# 650 hi clutch ? wheres the nut



## cattracks87 (Jan 11, 2011)

wheres the nut and the the one behind the handle bars . but really the nut on my dads 07 h1 came off of the primary clutch and i had to tow him back in turn tearin up the threads so my question is where to find the nut and seal for cheap and a cheap thread chaser to repair the shaft and what size to get . if there is another thread that goes over this forgive me i could not find it 07 650 h1 stock


----------



## greenkitty7 (Jan 26, 2011)

can you explain better what you are talking about? maybe its the lack of punctuation, but i really cant understand this post.


----------



## cattracks87 (Jan 11, 2011)

greenkitty7 said:


> can you explain better what you are talking about? maybe its the lack of punctuation, but i really cant understand this post.

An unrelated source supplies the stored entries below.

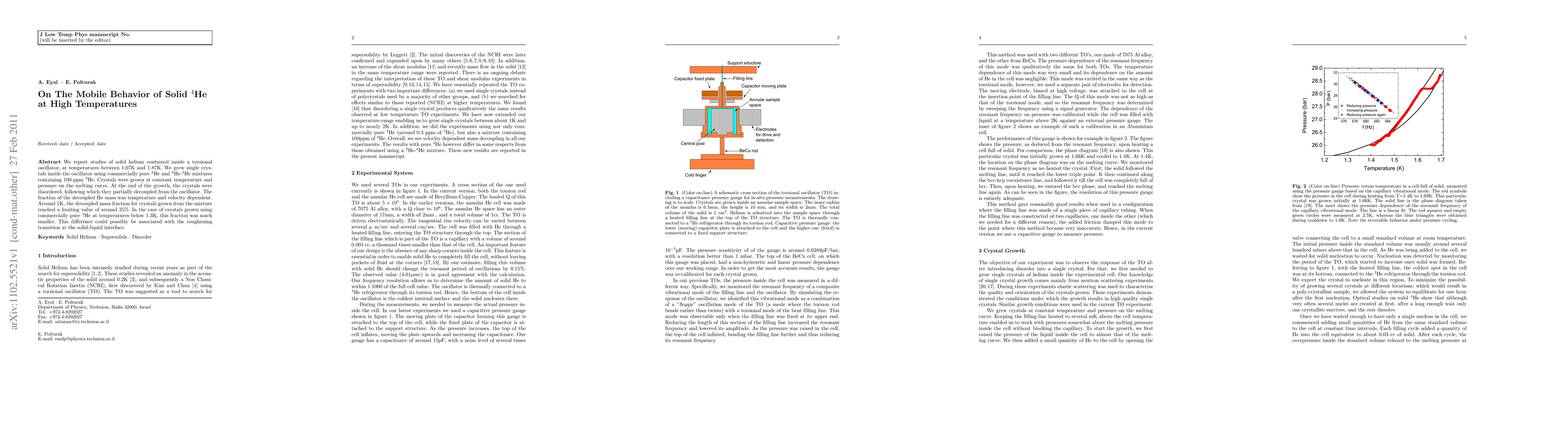 We report studies of solid helium contained inside a torsional oscillator, at temperatures between 1.07K and 1.87K. We grew single crystals inside the oscillator using commercially pure $^4$He and $^3$He-$^4$He mixtures containing 100 ppm $^3$He. Crystals were grown at constant temperature and pressure on the melting curve. At the end of the growth, the crystals were disordered, following which they partially decoupled from the oscillator. The fraction of the decoupled He mass was temperature and velocity dependent. Around 1K, the decoupled mass fraction for crystals grown from the mixture reached a limiting value of around 35%. In the case of crystals grown using commercially pure $^4$He at temperatures below 1.3K, this fraction was much smaller. This difference could possibly be associated with the roughening transition at the solid-liquid interface.
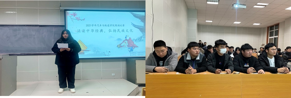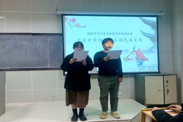 为了弘扬中华民族的传统文化,增强文化自信,疫情封校期间丰富同学们的校园生活,12月3日汽车与轨道交通学院举办了以“诵读中华经典,弘扬民族文化”为主题的朗诵比赛。活动由汽车与轨道交通学院团总支主办,学生会承办,全院学生参与。
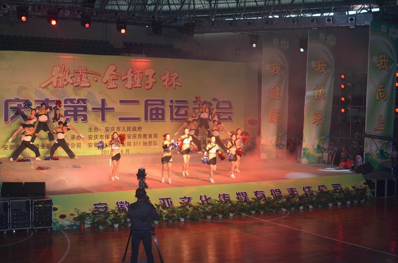 9月15日上午,安庆市第十二届运动会在市体育馆隆重开幕。公司2009级健美操专选班二十余位同学在潮芳老师的带领下,参加了本次运动会开幕式文艺演出。公司员工精湛的表演水平赢得了现场观众一阵阵热烈的掌声。
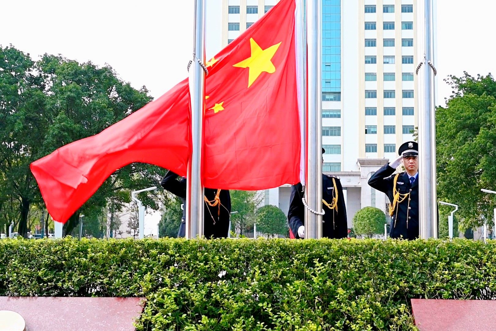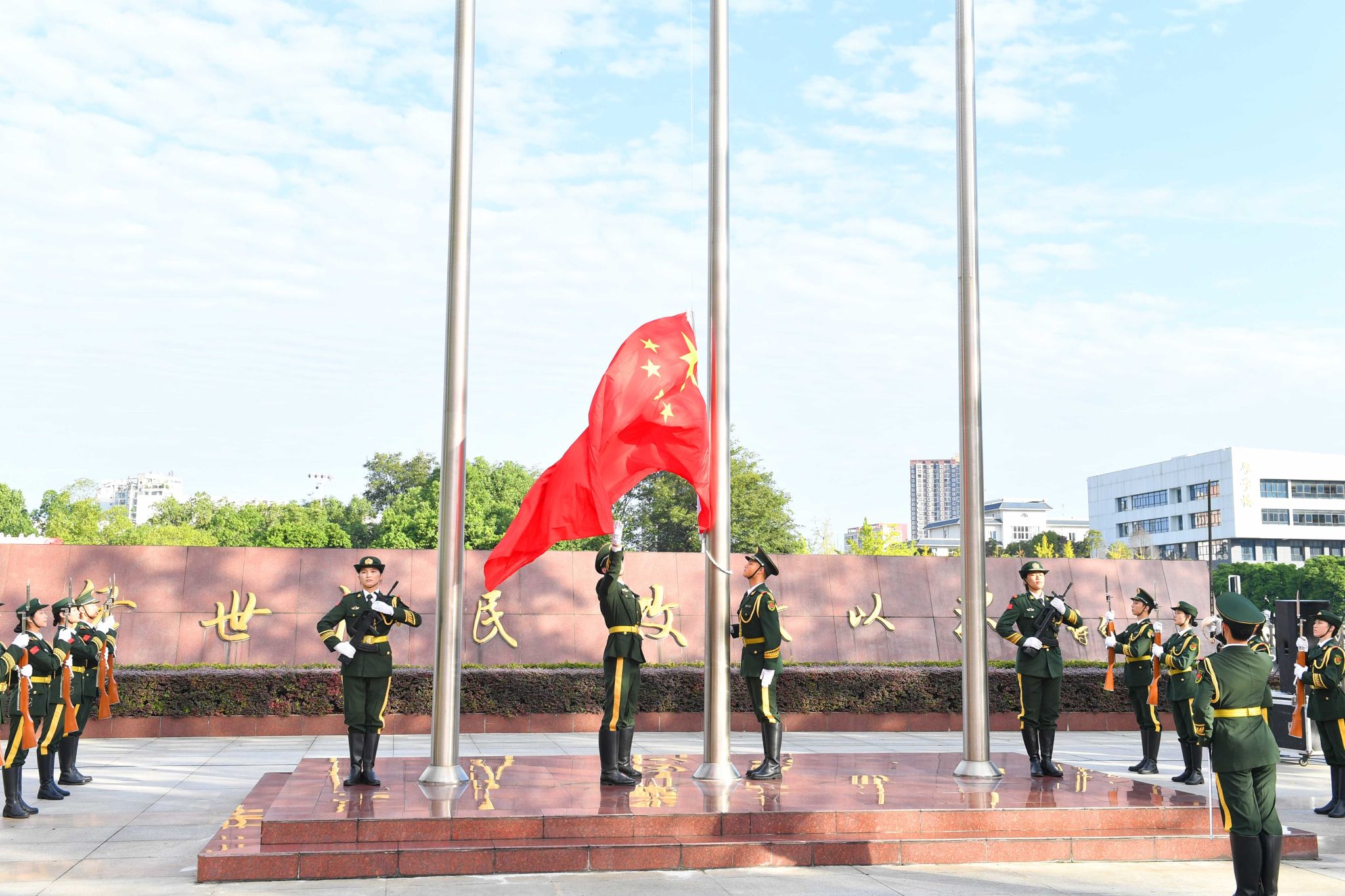8時30分,身著整齊制服的升旗手和護旗隊員,以挺拔的身姿、鏗鏘的步伐,護送著國旗走向升旗臺,每一步都是對祖國清澈堅定的愛。

 sorry it was late and i cant type on a laptop to save my life lol any way the nut that holds the clutch on . of a 650 h1 07 came off and marred up the threads i need to no what size the threads are on the shaft so i can get a thread chaser to lean up the threads and also where to get one cheap and where to get that nut and a seal for cheap as well


----------



## Bootlegger (Dec 18, 2008)

Primary or secondary clutch?


----------



## cattracks87 (Jan 11, 2011)

Bootlegger said:


> Primary or secondary clutch?


 sorry primary clutch the nut spun right off and i had to tow him home


----------



## papa_slap (Jan 19, 2011)

well i can tell you the nut is a 1-1/4" nut. i'm sure you can find one used, there is a bunch of part outs on highlifter. the seal you are talking about is the seal in the cover or the seal behind the inner primary sheave. Either way you can get them at catbargains or any other online parts store. As for the specific thread type I have never had to repair one so i can't tell you.


----------